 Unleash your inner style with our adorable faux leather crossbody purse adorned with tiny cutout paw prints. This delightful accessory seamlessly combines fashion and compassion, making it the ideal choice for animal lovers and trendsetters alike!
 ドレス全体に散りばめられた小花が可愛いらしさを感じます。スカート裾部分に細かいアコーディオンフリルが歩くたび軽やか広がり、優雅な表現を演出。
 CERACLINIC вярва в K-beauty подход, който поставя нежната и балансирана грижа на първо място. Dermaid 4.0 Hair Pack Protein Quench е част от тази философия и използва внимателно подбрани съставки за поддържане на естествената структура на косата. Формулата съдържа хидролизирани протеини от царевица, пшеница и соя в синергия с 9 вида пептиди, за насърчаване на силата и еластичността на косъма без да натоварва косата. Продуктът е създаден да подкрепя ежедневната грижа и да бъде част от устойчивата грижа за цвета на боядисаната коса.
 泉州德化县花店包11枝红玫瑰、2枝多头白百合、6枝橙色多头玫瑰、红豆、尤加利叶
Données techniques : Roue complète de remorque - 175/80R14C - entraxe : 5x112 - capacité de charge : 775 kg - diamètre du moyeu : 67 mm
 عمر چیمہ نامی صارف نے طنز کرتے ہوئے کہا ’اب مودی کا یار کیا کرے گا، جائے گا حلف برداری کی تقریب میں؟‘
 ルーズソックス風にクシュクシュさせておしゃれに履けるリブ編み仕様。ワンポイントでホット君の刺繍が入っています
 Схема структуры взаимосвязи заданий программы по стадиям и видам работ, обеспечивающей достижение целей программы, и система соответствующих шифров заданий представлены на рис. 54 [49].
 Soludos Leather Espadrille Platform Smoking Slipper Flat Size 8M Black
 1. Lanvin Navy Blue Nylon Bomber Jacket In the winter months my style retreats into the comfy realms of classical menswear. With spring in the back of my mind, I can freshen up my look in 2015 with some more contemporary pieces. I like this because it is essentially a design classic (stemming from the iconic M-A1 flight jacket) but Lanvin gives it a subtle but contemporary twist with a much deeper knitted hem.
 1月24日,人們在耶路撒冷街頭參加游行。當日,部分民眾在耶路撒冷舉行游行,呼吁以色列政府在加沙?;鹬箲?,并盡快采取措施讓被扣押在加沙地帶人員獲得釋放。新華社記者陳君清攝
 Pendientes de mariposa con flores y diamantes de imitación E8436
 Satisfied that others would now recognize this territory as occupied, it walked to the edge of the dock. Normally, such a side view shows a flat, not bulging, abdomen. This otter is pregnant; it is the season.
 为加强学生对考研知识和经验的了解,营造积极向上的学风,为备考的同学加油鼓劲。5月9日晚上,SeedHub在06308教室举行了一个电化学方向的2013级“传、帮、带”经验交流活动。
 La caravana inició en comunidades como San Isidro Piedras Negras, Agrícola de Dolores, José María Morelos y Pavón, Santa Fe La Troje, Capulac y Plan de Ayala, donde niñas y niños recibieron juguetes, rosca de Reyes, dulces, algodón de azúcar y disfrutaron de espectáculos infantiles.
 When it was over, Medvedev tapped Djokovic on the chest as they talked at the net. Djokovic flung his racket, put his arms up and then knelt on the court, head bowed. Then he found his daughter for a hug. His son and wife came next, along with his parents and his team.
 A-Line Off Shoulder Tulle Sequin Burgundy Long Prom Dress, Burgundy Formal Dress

• **Goal of the exercise**: For this task, write out exactly the lines of the entries above, starting at the line with "عمر چیمہ نامی" and ending at the line with "La caravana inició", both included, and no others.

• **Written answer**:
 عمر چیمہ نامی صارف نے طنز کرتے ہوئے کہا ’اب مودی کا یار کیا کرے گا، جائے گا حلف برداری کی تقریب میں؟‘
 ルーズソックス風にクシュクシュさせておしゃれに履けるリブ編み仕様。ワンポイントでホット君の刺繍が入っています
 Схема структуры взаимосвязи заданий программы по стадиям и видам работ, обеспечивающей достижение целей программы, и система соответствующих шифров заданий представлены на рис. 54 [49].
 Soludos Leather Espadrille Platform Smoking Slipper Flat Size 8M Black
 1. Lanvin Navy Blue Nylon Bomber Jacket In the winter months my style retreats into the comfy realms of classical menswear. With spring in the back of my mind, I can freshen up my look in 2015 with some more contemporary pieces. I like this because it is essentially a design classic (stemming from the iconic M-A1 flight jacket) but Lanvin gives it a subtle but contemporary twist with a much deeper knitted hem.
 1月24日,人們在耶路撒冷街頭參加游行。當日,部分民眾在耶路撒冷舉行游行,呼吁以色列政府在加沙?;鹬箲?,并盡快采取措施讓被扣押在加沙地帶人員獲得釋放。新華社記者陳君清攝
 Pendientes de mariposa con flores y diamantes de imitación E8436
 Satisfied that others would now recognize this territory as occupied, it walked to the edge of the dock. Normally, such a side view shows a flat, not bulging, abdomen. This otter is pregnant; it is the season.
 为加强学生对考研知识和经验的了解,营造积极向上的学风,为备考的同学加油鼓劲。5月9日晚上,SeedHub在06308教室举行了一个电化学方向的2013级“传、帮、带”经验交流活动。
 La caravana inició en comunidades como San Isidro Piedras Negras, Agrícola de Dolores, José María Morelos y Pavón, Santa Fe La Troje, Capulac y Plan de Ayala, donde niñas y niños recibieron juguetes, rosca de Reyes, dulces, algodón de azúcar y disfrutaron de espectáculos infantiles.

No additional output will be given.